TSA inhibited Ang II-induced vasoconstriction in rat aortas, suggesting that TSA has a vasorelaxing activity. Interestingly, TSA also inhibited Ang II-induced vasoconstriction in aortic rings with rubbed endothelium. This suggested that TSA mainly affects Ang II-induced signaling in VSMCs. TSA inhibited the signal transduction of Ang II and its receptor. Another possibility is that TSA increased intracellular acetylation, indirectly leading to vasorelaxation. It was recently shown that intracellular acetylation upon HDAC inhibition leads to increased cGMP levels in rat VSMCs and rat aortas [28]. This report showed an increase in global lysine acetylation of smooth muscle cell proteins, including those involved in the process of arterial wall contraction and relaxation. p300/CBP-associated factor (PCAF), also known as lysine acetyltransferase, is involved in the acetylation of a number of histone and non-histone proteins. PCAF increases myosin light chain and smooth muscle actin acetylation above the basal level, reducing actomyosin formation and resulting in reduced contractility [28]. Therefore, the anti-hypertensive or vasorelaxing effect of HDAC inhibitor might result in intracellular acetylation of proteins involved in Ang II signaling and may play a role in lowering blood pressure in aortic coarctation rats.

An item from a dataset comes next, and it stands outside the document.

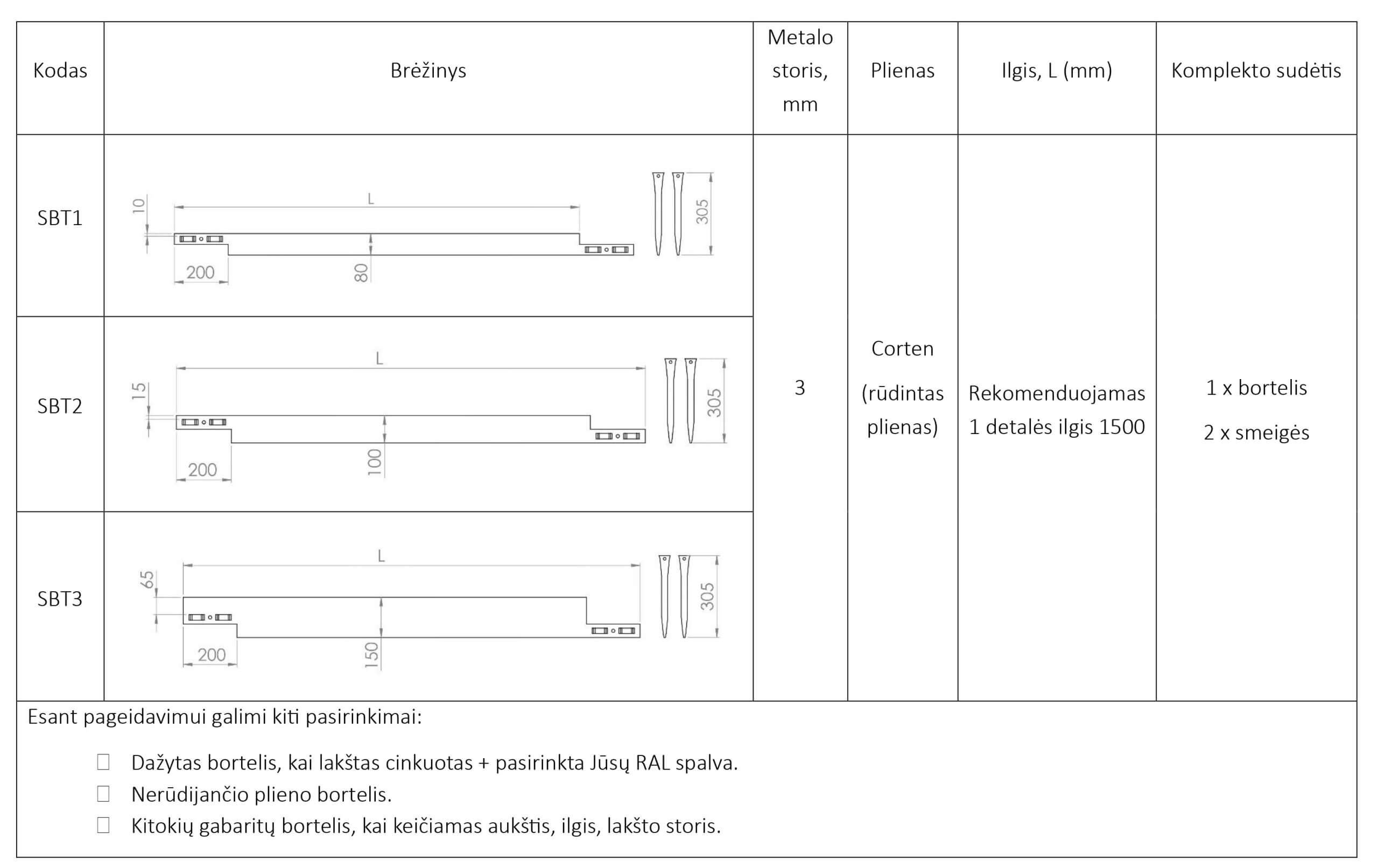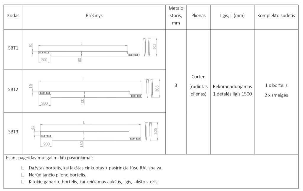 Galimi 80, 100 arba 150 mm aukščiai – pritaikysite tiek takams (žvyro, skaldos, trinkelių), tiek gėlynams ar terasų perimetrams. Standartinis vienos detalės ilgis 1500 mm, esant poreikiui galime pagaminti 3000 mm ilgio bortelį. Konstrukcija pakankamai lanksti švelniems vingiams, tačiau labai mažų spindulių formuoti nerekomenduojame.

Adaptor protein p66shc is expressed in most mammalian tissues. p66shc-/- mice exhibit an increased resistance to oxidative stress and have a prolonged lifespan [3]. Previous reports show that Ang II induces p66shc upregulation in endothelial cells [811]. Genetic deletion of the p66shc adaptor protein protects from Ang II-induced myocardial damage [16]. HDAC inhibition reduced the production of ROS in cardiomyoblasts exposed to hypoxia/reoxygenation [29]. Recently, it was also shown that the intracellular increase of ROS levels following exposure to hydrogen peroxide was suppressed by TSA [30].

The main actions of Ang II are mediated via AT1R and AT2R. In isolated VSMCs, Ang II increased p66shc phosphorylation, which was inhibited by valsartan, a selective AT1R antagonist. These findings suggest that the AT1R signaling pathway mediates Ang II-induced p66shc activation. Our data also indicate that TSA inhibits Ang II-induced p66shc phosphorylation in VSMCs and in AT1R-expressing HEK293T cells. These data suggest that TSA inhibited AT1R-mediated p66shc activation, which is correlated to ROS production. Therefore, the inhibitory activity of TSA on Ang II-induced oxidative stress could contribute to vasorelaxation or to a decreased hypertension.